Never give out passwords and sensi­tive account details, or allow strangers to remain in your computer room for long periods without supervision. If you think you have been hacked, run antivirus programs or specialist tools such as Advanced Anti Keylogger Lite (www.spydex.com/advanced-anti-keylogger . html) or the free Ewido suite (www. ewido.net/en/lfeatures) and see if they detect intruders.


SPYWARE

 

Software designed to surreptitiously col­lect and report information about your surfing habits is called spyware.
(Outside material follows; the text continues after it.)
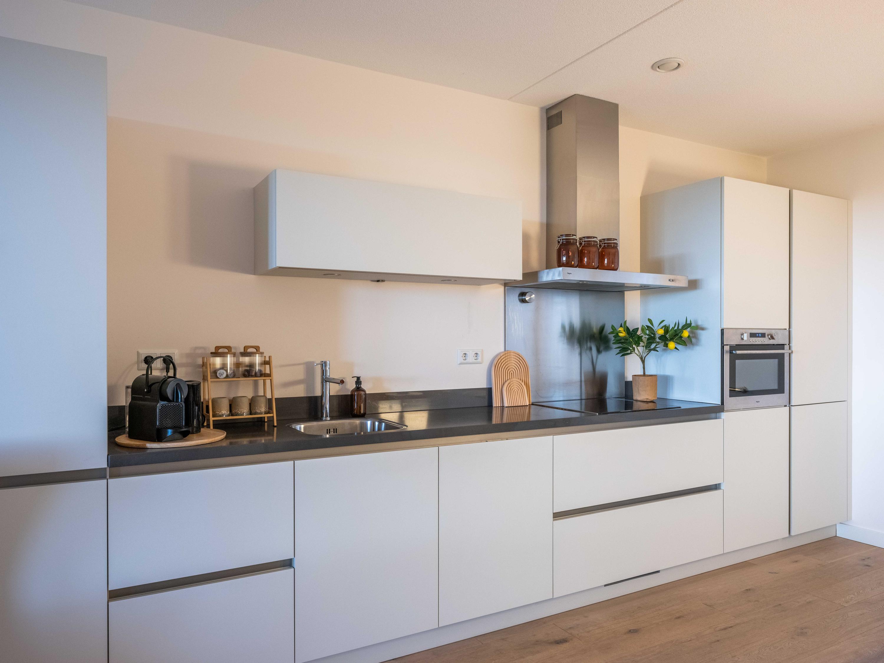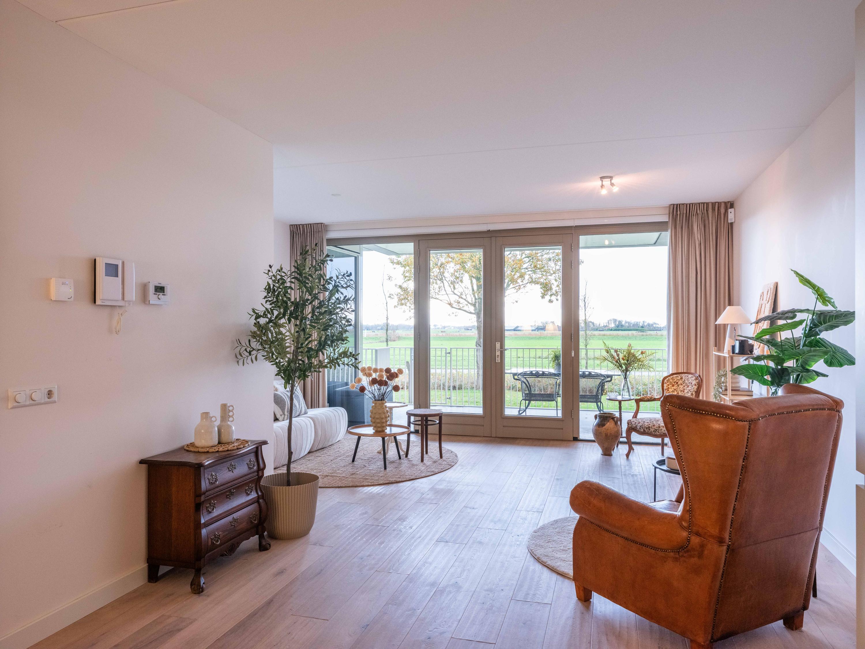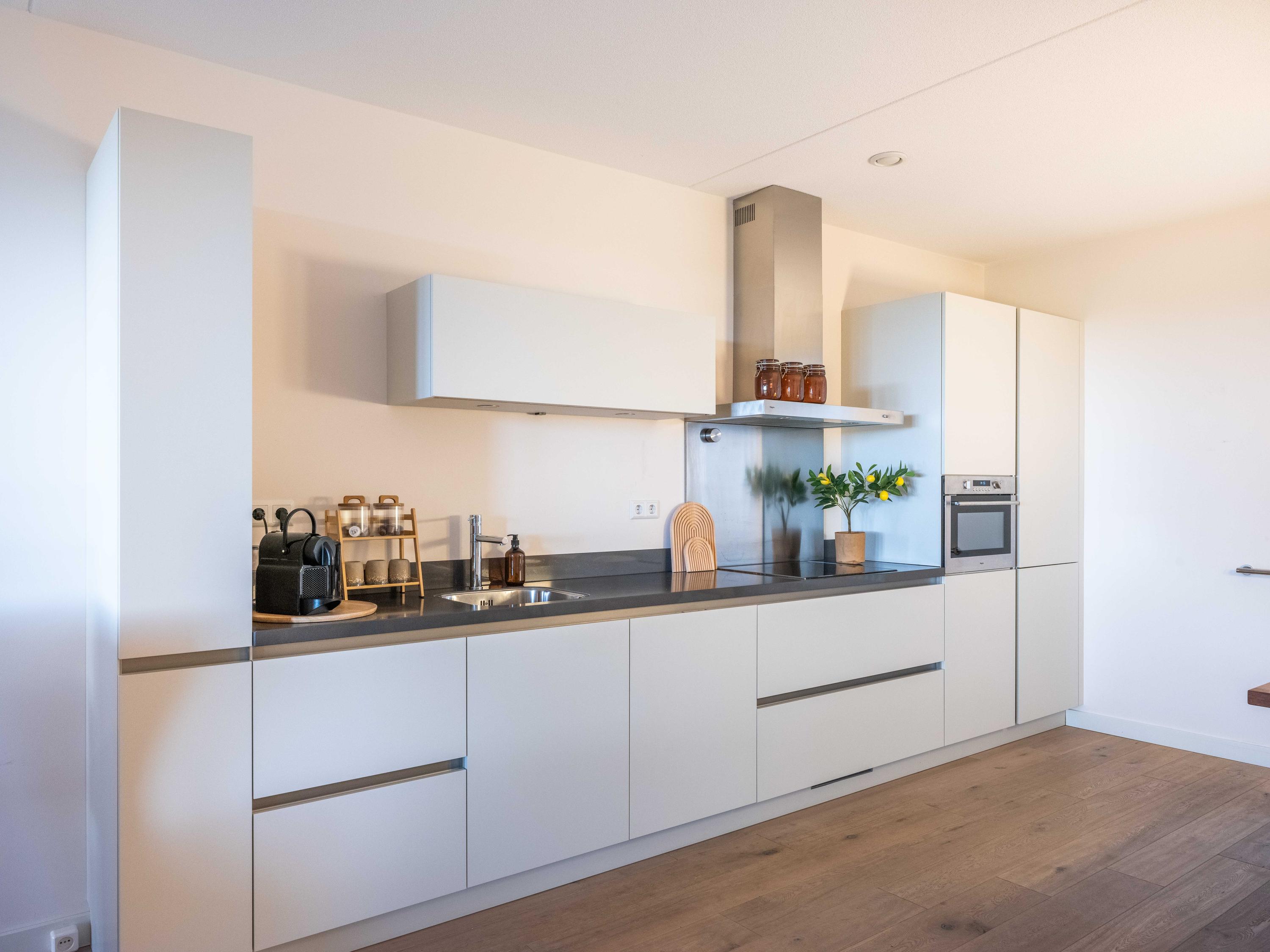From the living room, the balcony and the lower terrace, you can enjoy beautiful cloudy skies, birds and the greenery of the polder all day long. The modern open kitchen contains various built-in appliances and a dining area.

The security firm Computer Associates recently claimed that most computers have about 80 or 90 pieces of potentially malicious code on them, with an average of four pieces of serious spyware. These programs are installed on computers when people download certain software or visit dubious websites.

SYMPTOMS

Most spyware, by definition, operates silently in the background, so is difficult to spot. However, be suspicious if you notice your browser running slowly or Internet Explorer crashing unusually frequently.

FIX

Most ad-supported freeware and free toolbars or search bars are funded by trackers, so stay away from this type of software unless it comes from reput­able companies such as Opera, Yahoo! or Google. To locate and remove, download Ad-Aware from www.lavasoftusa.com (note the correct web address, as there are similarly named fakes). Microsoft has released similar anti-spyware protec­tion, described at tinyurl.com/47cus. Remember to set your virtual policeman to perform a scan automatically and regularly. The price of security is eternal vigilance.